ここのところずっと働き詰めだったもんねぇ。そりゃあ疲れるよ。

頬に掛かる黒髪を、ゆっくり指で梳いた。長期休暇を取るために超過勤務をしてたんじゃ話は逆だが、人手不
足の現状は今も昔も変わらない。内勤とは云えアカデミーに受付、おまけに三代目にまで遣われては身体が
幾つあっても足りない筈だ。ここ迄調整するのも大変だったでしょ、せんせ。明日からのんびりしようね。

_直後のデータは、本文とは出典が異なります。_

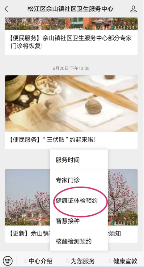 第一步:关注“佘山镇社区卫生服务中心”微信公众号
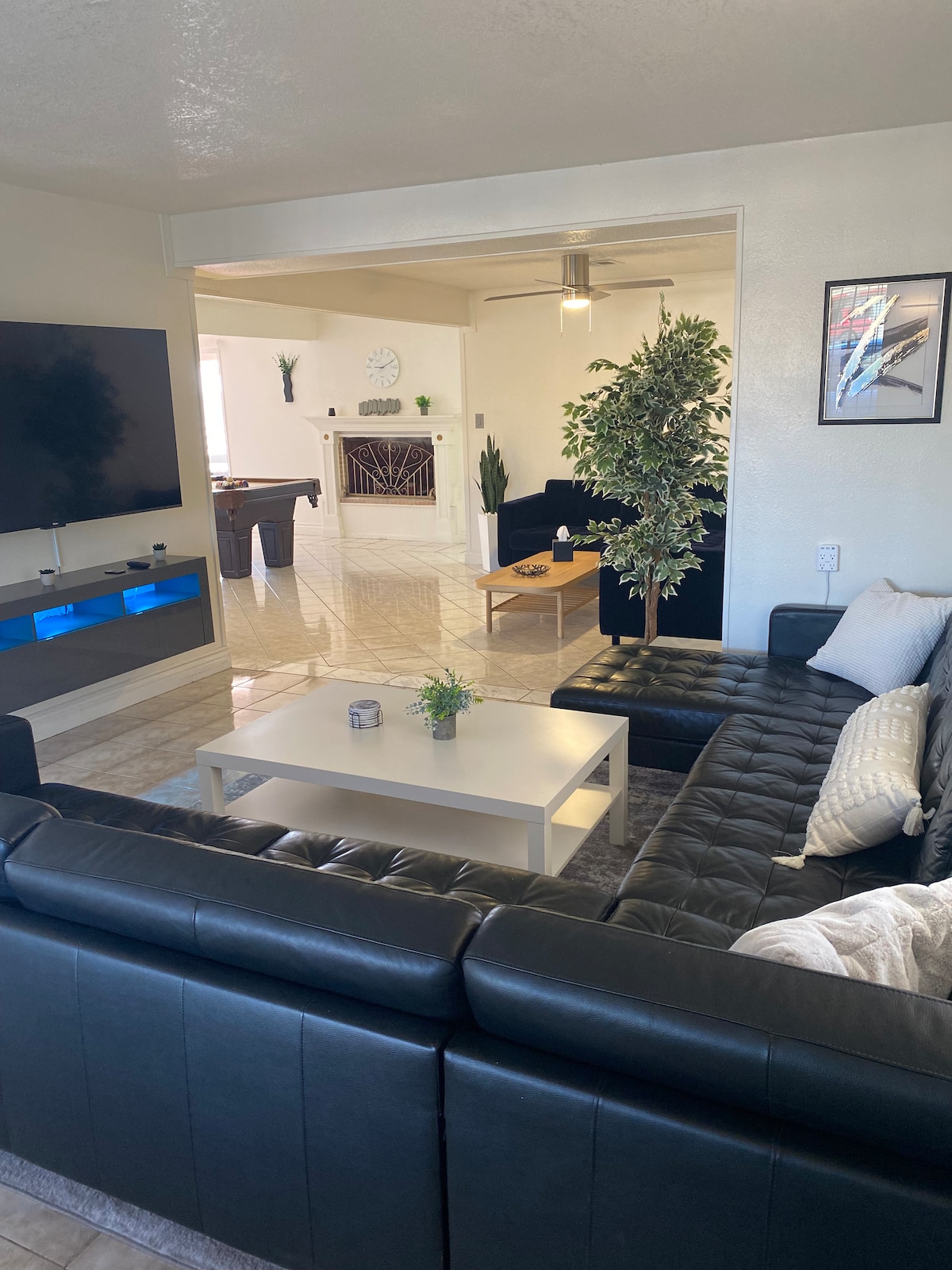 This home was completely remodeled from the floors to the ceiling, all the way to the outside activtities and enviorment. Waterfall counter in the fully stocked kitchen ready to host your friends and family. Five 75-65 inch TV's throuhgout the home. Fun activities are inside and out with a ring toss, pool table and darts inside to horseshoes and cornhole outside. This home is ready to help make your trip to Las Vegas unforgettable. It's our pleasure to host you. Enjoy Your Stay!
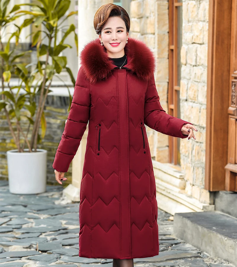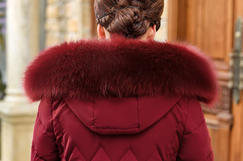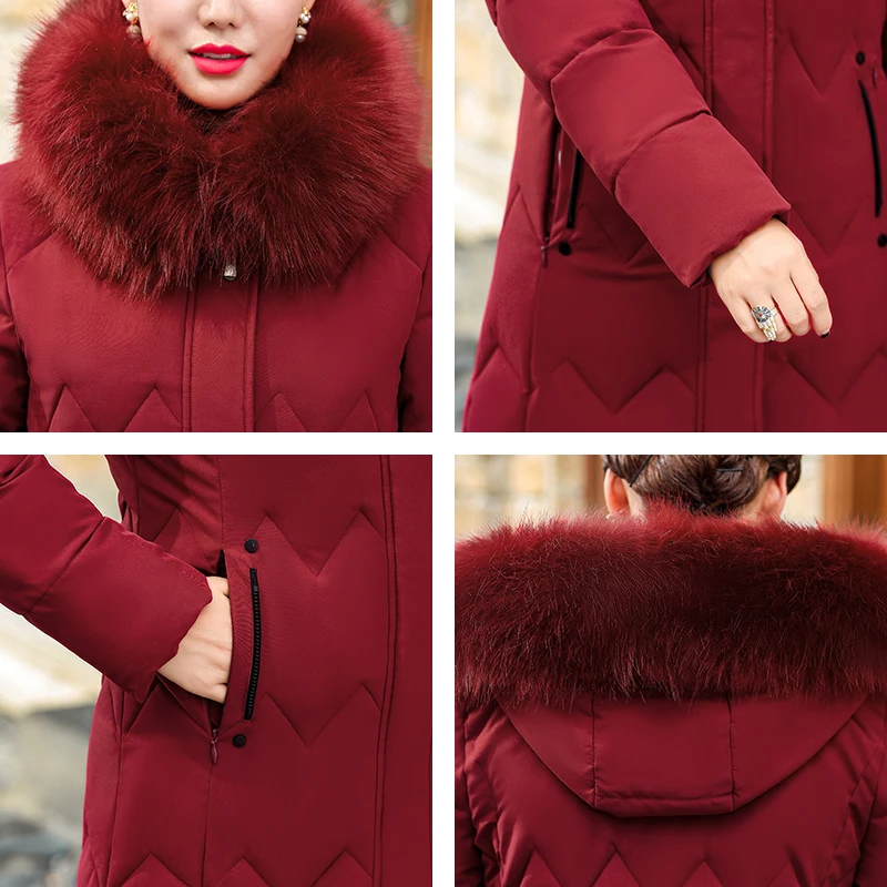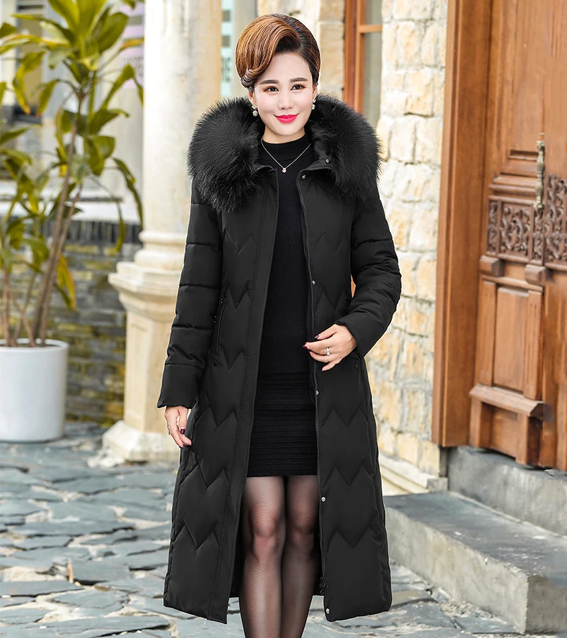 Женская Длинная зимняя офисная куртка, облегающие парки с капюшоном и хлопковой подкладкой, однотонное пальто с толстым меховым воротником для женщин
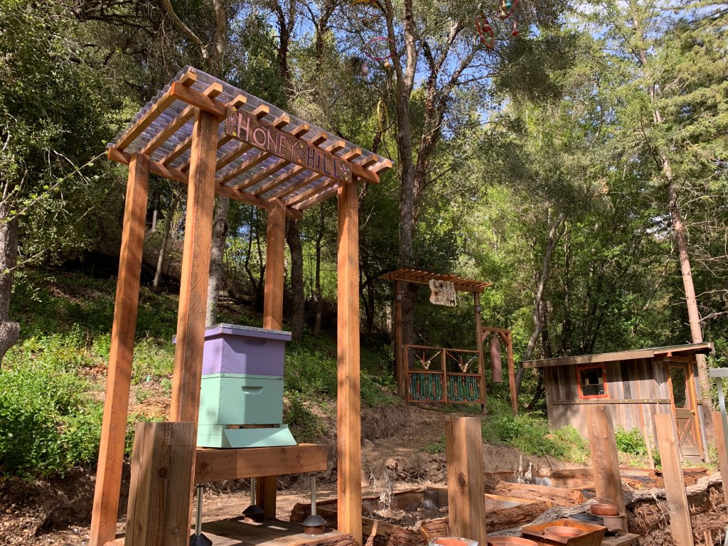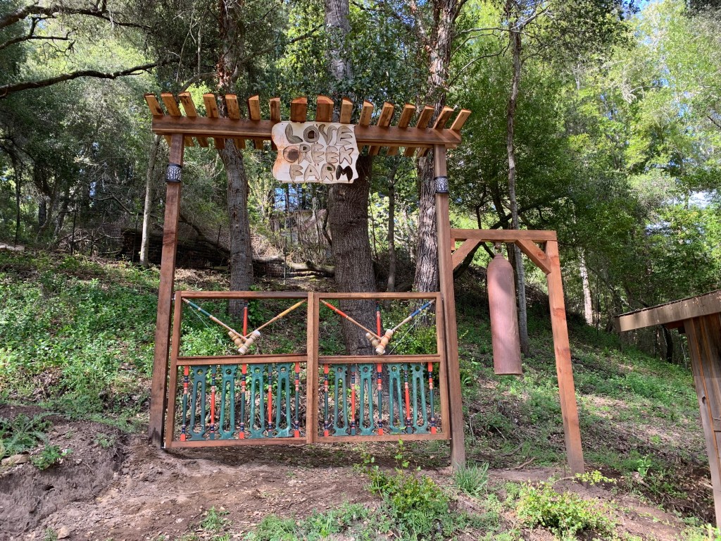 Next on the project complete check list is the gates for a new arbor we just added. At first, the arbor was super simple with just a plain 2×6 top. Fred suggested we use some redwood bark pieces I had stored, and they were the perfect choice. I bought some solar lights too, then added our metal Love Creek Farm sign. The doors were designed with leftover spindles from the farm fence plus some croquet mallets. Love it!
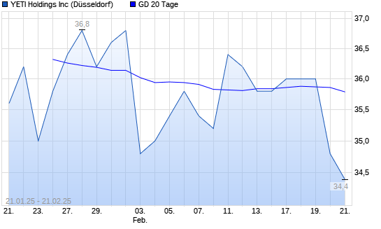 Mit dem Rücksetzer auf 35,60 EUR hat die YETI Holdings-Aktie am 20.02.2025 die 20-Tage-Linie nach unten gekreuzt.
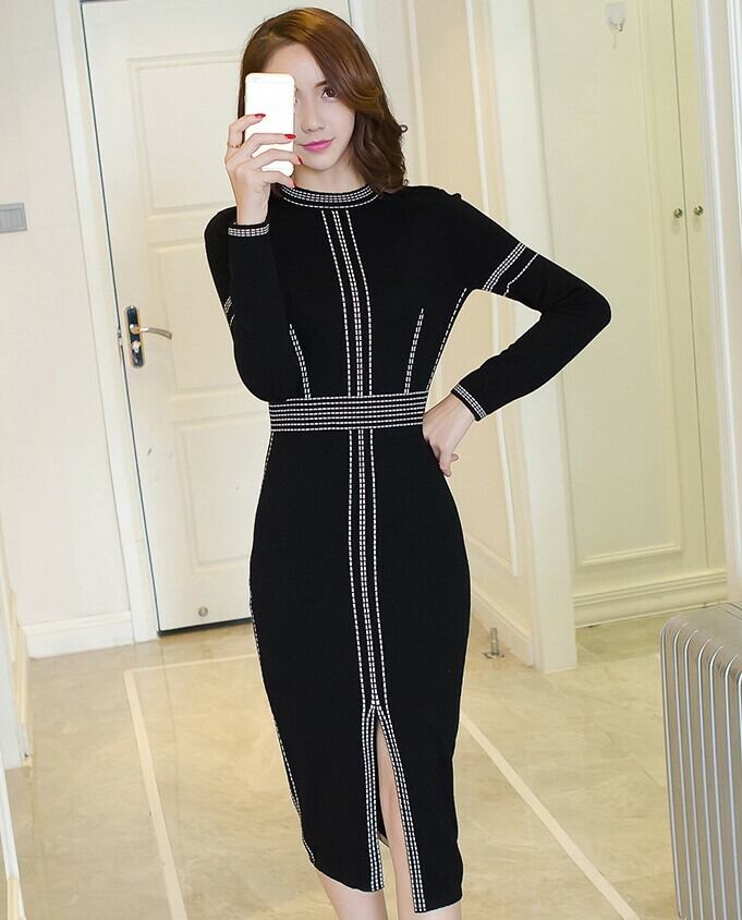 ハイネックワンピース ミモレ丈 タイト フィット スリム フロントスリット パイピング ブラック エレガント 上品 セクシー 韓国 オルチャン 秋 冬
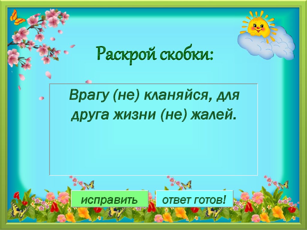 Раскрой скобки:Врагу (не) кланяйся, для
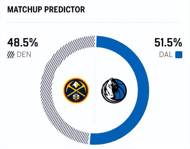 赛前,美媒ESPN对本场比赛进行了胜率预测,独行侠队胜率高达51.5% ,掘金胜率则仅有48.5% ,西部倒数竟然意外略占优势。
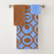 Ce kit de serviettes est muni d'un linge bleu clair, d'une serviette brune et d'une serviette de bain aux motifs géométriques de cercles alignés avec des cercles ou des ovales à l'intérieur en marron sur un champ de bleu.
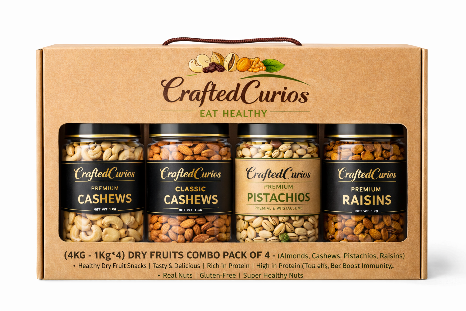 (4KG – 1Kg*4) Dry Fruits Combo Pack of 4 – (Almonds, Cashews, Pistachios, Raisins) – Healthy Dry Fruit Snacks | Tasty & Delicious, Rich in Protein | High in Protein, Fiber & Boost Immunity | Real Nuts | Gluten-Free | Super Healthy Nuts
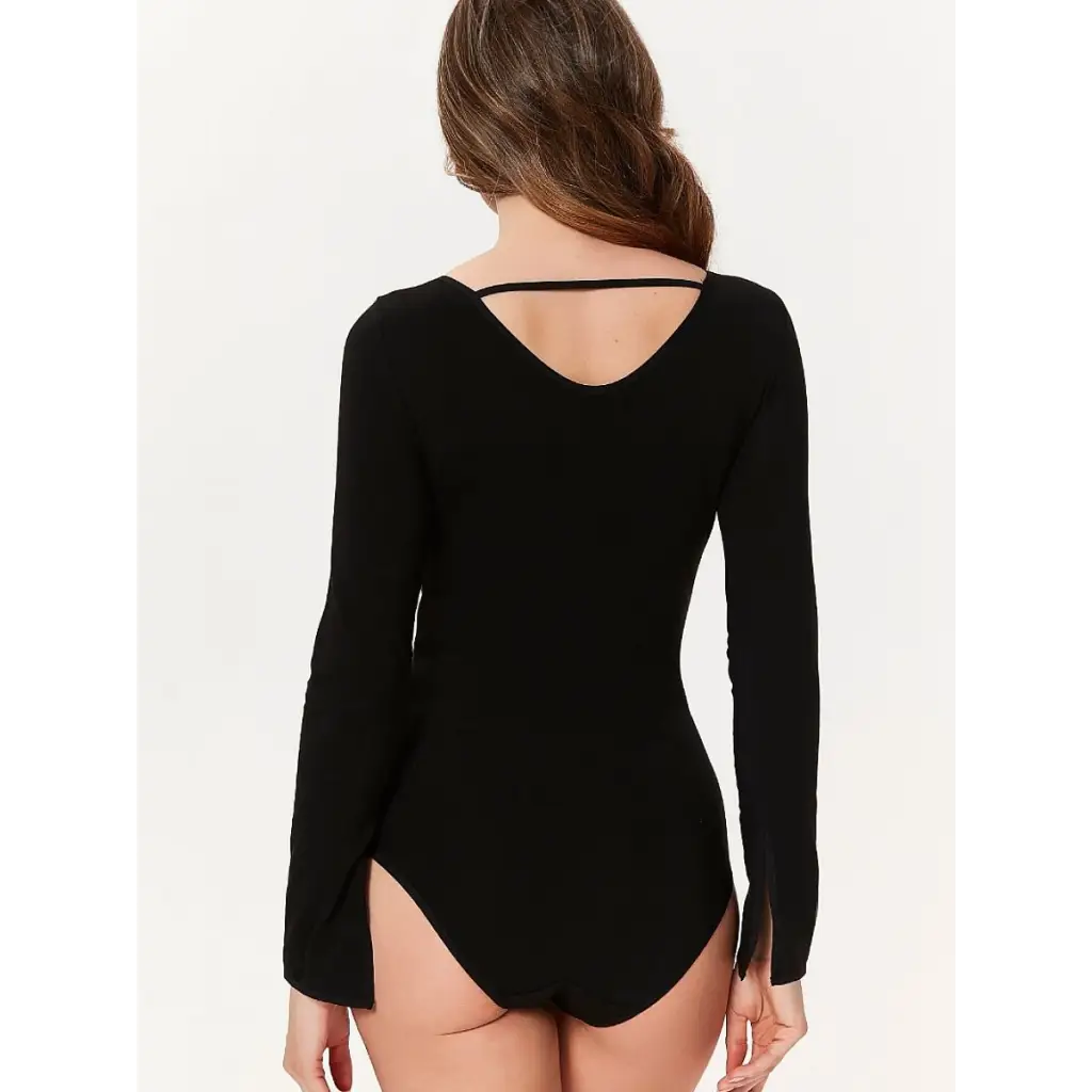 Body with stripes on the neckline Rosie 902. Body with long sleeves, slit at the wrist. Made entirely of soft, durable cotton. Comfortable fastening at the crotch. Serek neckline. Combination of the most fashionable intertwines at the front on the neckline and at the back on the neck.
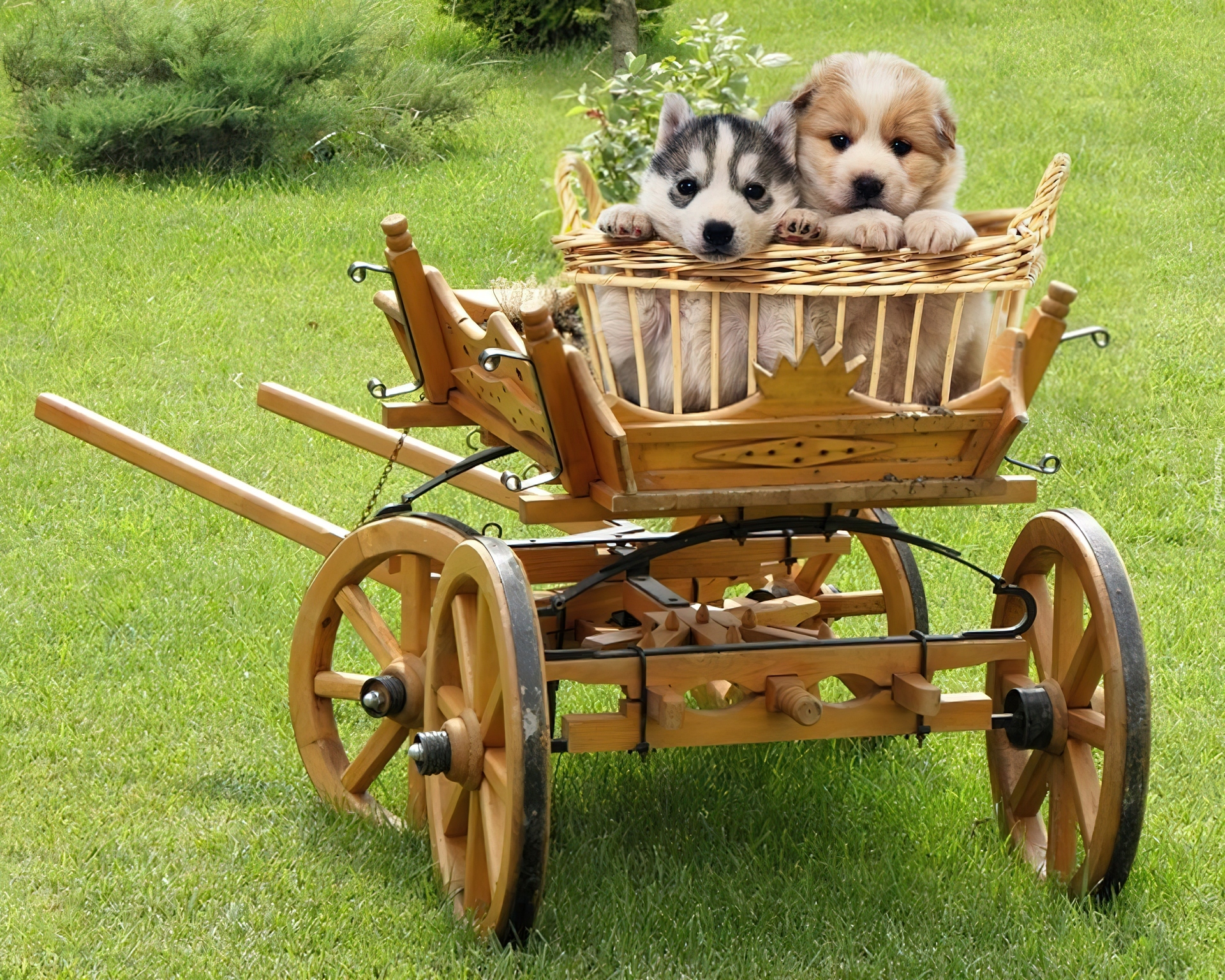 Edytor tapety: Dwa, Szczeniaczki, Koszyk, Wózek, Siberian Husky

隣に潜り込むと、暖かな体温につられて程なく眠気が襲ってくる。何のかんのでオレも草臥れていたのだろう
か、横たわる背中を抱き込むと眠りの淵につるんと落ちた。






異常に気付いたのは夜中だ。抱き込んだ身体が、僅かに熱い。

いつもより浅く早い呼吸に気付いて目を覚まし、時計を見ると日付が変わったばかりだった。覗き込んだ顔に
苦悶の表情は無いが、閉じた目蓋が何度も痙攣している。眠りは浅かったのだろう、額に手をあてると黒い瞳
が細く開いた。


__せんせ、どうしたの苦しい?少し熱あるかも知れないね、測ってみようか

「・・・・ン・・・・、カ、カシさん・・・・さ、むい・・・・」

__寒い!?寒気するの?吐き気はしない?

「・・・・吐きたくはないですけど・・・・喉が・・・・いたい・・・・」


枕元の小抽斗にあった体温計で測ると37度6分。今この状態で寒気がしてるってことはまだ熱の上がり始め
だ。おそらく、これからもっと高熱になる可能性が高い。


「カカシさん・・・・兵糧丸、下さい・・・・」

__えぇ!?何言ってるのせんせ、兵糧丸はダメだよ知ってるでしょ?アレは飢餓対策と造血作用が中心だ
から疾病には向かないって。内臓弱ってる時にあんなの飲んだら強すぎて逆にヤられちゃうよ

「でも・・・・」

__せんせ、言いたいことも気にしてることも分かるけど、とにかく明日病院にいこ。大丈夫、丁度医療班に
知り合いがいるから後は任せて。

「・・・・・・・」


不安げに何度も瞬く瞳に、大丈夫、大丈夫と繰り返すとやがてゆっくり頷いた。取り敢えず救急箱の隅にあっ
た風邪薬を飲ませ、胸に抱き込むと縋るように身を寄せて来た。絶え間ない寒気の所為か、横たわる身体に
は震えが走っている。

大丈夫、大丈夫、きっと大丈夫。だから心配しないで。

低く囁きながら幾度も頭を撫でると、安心したのか薬の効果かやがて寝息が聞こえ始めた。様子を伺いなが
らそっと首筋に触れてみたが、__熱い。さっきよりも、確実に熱は上がっている。


うーん。どうやらこれは。


不精者が慣れないことをしたバチだろうか。腕の中の恋人は未だ荒い息で震えたまま。どう見ても暗雲垂れ
込めて来たこれからの道行きに、オレは心の中で天を仰いだのだった。